Performative Crash Sites: Spectacle, Intersectionality and Digital Visibility On Tumblr
The micro-blogging platform of Tumblr is becoming a digital landscape that takes intersectional bodies seriously. Not because of a mainstream or academic feminist intervention, but through the work and involvement of young, Queer of Color individuals who move their bodies to the forefront of digital visibility. Tumblr dashboards, and the bodies that fill them, all function as performative crash sites: the theoretical location where race, gender, sexual orientation, class, religion, and other embodiments collide. In a performative crash site, these constructs become violently entangled. Just like a “real” crash, one can identify separate constructs, but to do so, they must look among the pieces of the others.

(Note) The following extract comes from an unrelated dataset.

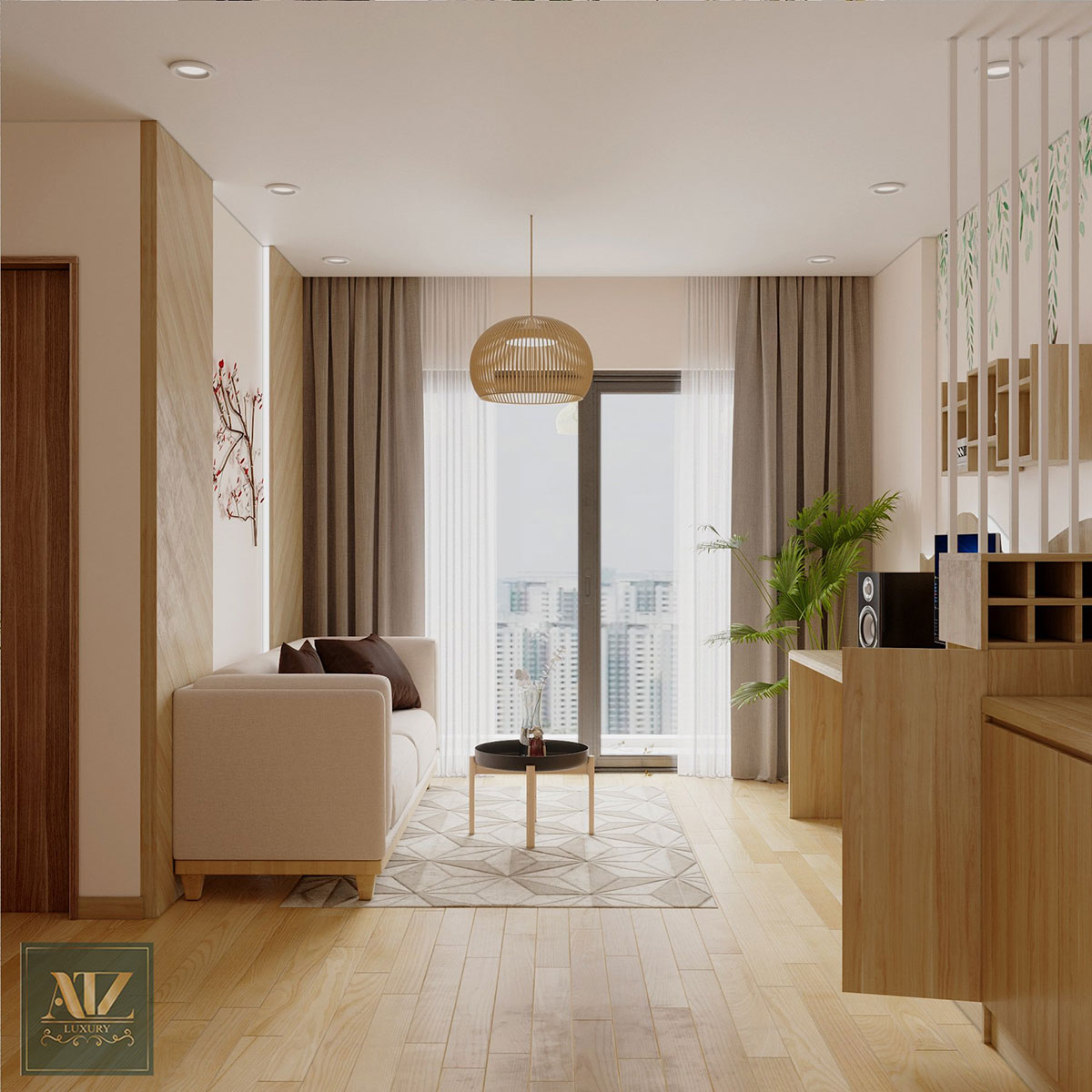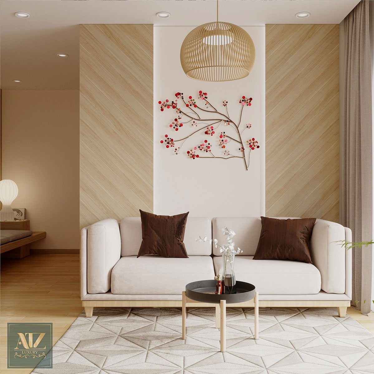 KTS. Phương Anh sau khi trao đổi với yêu cầu, mong muốn của anh Nhật đã nắm được mong muốn và ngân sách đầu tư dự tính của nhà anh Nhật đã lên ý tưởng thiết kế nội thất phòng khách chung cư cho nhà anh Nhật với tone màu chủ đạo là gỗ kết hợp trắng, phòng khách được thiết kế đẹp đơn giản tiết kiệm chi phí mà mang đậm những nét tinh hoa của văn hóa Nhật Bản, từ việc lựa chọn và sử dụng tranh hoa đào dưới mảng tường ngay sau bộ sofa, chiến đèn thả ngay vị trí trung tâm phong khách toát lên nét văn hóa đậm chất Nhật Bản.

Central to this theoretical approach are the ideas of spectacle, audience, and intent. To continue with the metaphor of a car crash, there is very often an audience for these sites of collision. Spectators are always eager to see how “bad” the crash is, and what the outcome if the wreckage will be. Both the Tumblr users’ bodies and their dashboards are sites of
constant spectacle, scrutiny, and high visibility. The public nature of the Tumblr, combined with the purposeful conspicuousness of the bloggers make it a site where narratives of embodiment, spectacle, and digital visibility within intersectional bodies easily accessible. As it is a digital space that is controlled by the bloggers who place their bodies at the visible forefront, Tumblr is a location that seriously acknowledges intersectionality, grants visibility and voice to intersectional bodies, and functions as a performative crash site.